While in superiority trials the sample size depends on the incidence of events in the control group and on the minimum clinically relevant reduction, the number of patients to enroll in non-inferiority (or equivalence) trials depends on the incidence of events in the control group and on the magnitude of the chosen non-inferiority (equivalence) margin. Actually, the number of patients to enroll decreases as the non-inferiority limit (equivalence interval) increases. Namely, if you wish to demonstrate that the efficacy of the two treatments is “highly similar” (setting narrow non-inferiority margins) you need to enroll a large number of patients. On the contrary, if you believe it is enough to prove that the two treatments are “quite similar” (setting wide non-inferiority margins) then the number of patients needed becomes relatively small [6]. Since a wide non-inferiority limit could be chosen to enroll a smaller number of patients, it’s very important, in the interpretation of the results of such trials, to assess the width of the non-inferiority bounds in the specific clinical context. Actually, we should accept the conclusions of the study only if the non-inferiority limit seems really clinically reasonable.

Going back to the example above, Rickard and colleagues enrolled about 3,000 patients to detect equivalence between the two strategies at an incidence of 4 % of phlebitis in the control group, with an equivalence margin of 3 % (significance level 0.05, power 95 %). Phlebitis occurred in 114 of 1,593 (7 %) patients in the clinically indicated group and in 114 of 1,690 (7 %) patients in the routine replacement group, with an absolute risk difference of 0.41 % (95 % CI –1.33 % to 2.15 %). Since the CI lied between −3 % and +3 % (the pre-specified equivalence margin) (Fig. 3), the authors concluded that the two treatments were equivalent [1].

Fig. 3
figure 3

Schematic results of the trial by Rickard and coworkers. The horizontal bar represents the 95 % CI. The gray area is the zone of equivalence

Bottom line for clinicians

When reading an equivalence or non-inferiority trial, we should first ask ourselves what the study rationale is because we are going to choose a new treatment also if it could be not too worse (not so inferior that it would cause concern) than the standard one provided that it has other proven advantages (e.g. it is cheaper, easier to provide or has fewer side effects).

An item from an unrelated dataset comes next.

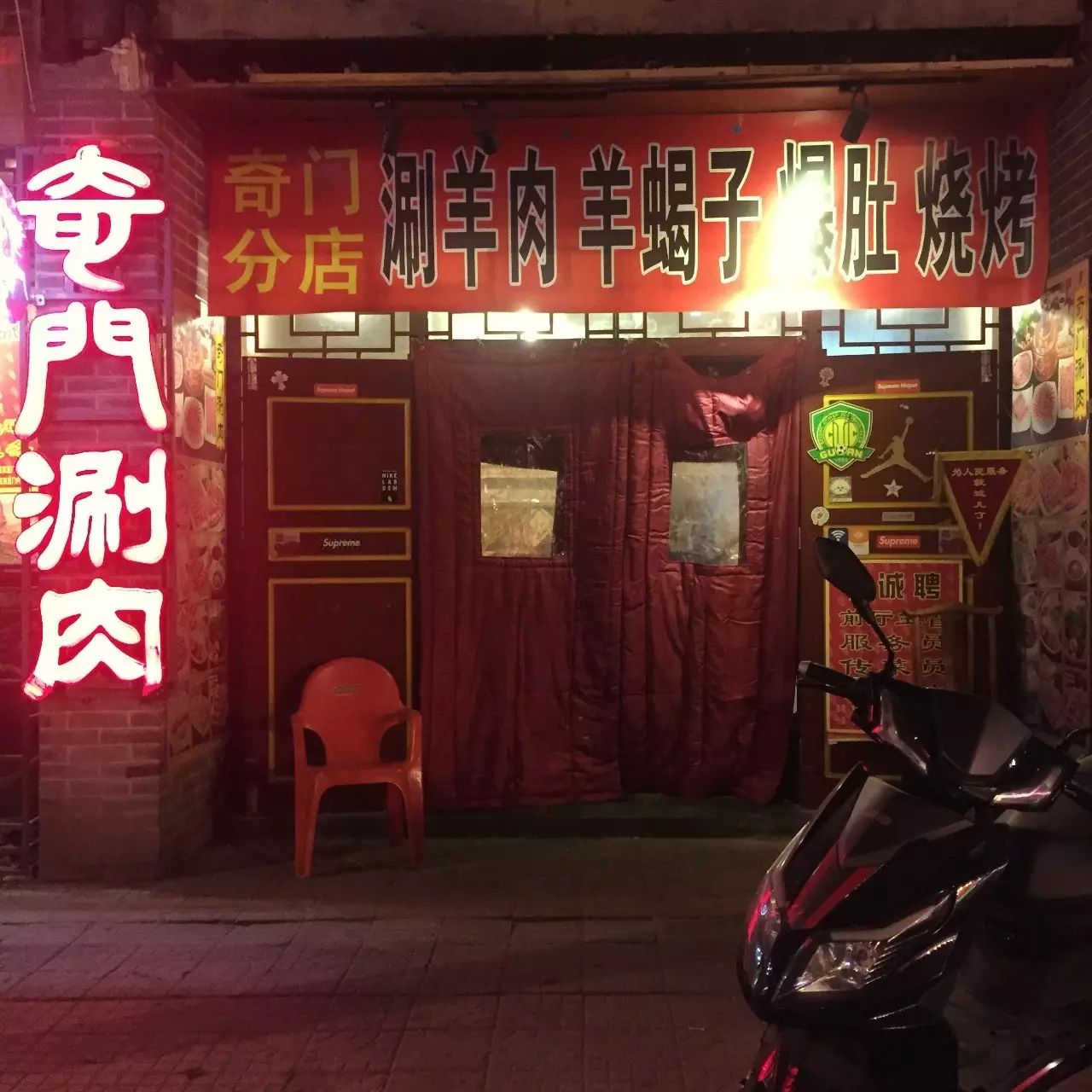 当看到写着“涮羊肉 羊蝎子 爆肚 烧烤”如此接地气的门面时,我实在想不到这家看着特儿北京的火锅店和潮流有什么关系。

The critical issue in interpreting equivalence and non-inferiority trials is the choice of an acceptable (clinically sensible) threshold of equivalence or non-inferiority. This is the maximum allowable excess of outcome events arising from the new treatment compared with the standard one. When designing non-inferiority trials, investigators set their own thresholds, therefore we should make sure that they choose a reasonable bound so that a positive result indicates a true absence of a significant difference between two treatments. Moreover, a too wide non-inferiority margin could be the dishonest attempt of having a positive trial enrolling a smaller sample of patients.

Finally, the results of equivalence and non-inferiority trials should always be interpreted looking at confidence intervals rather than at the point estimate of efficacy.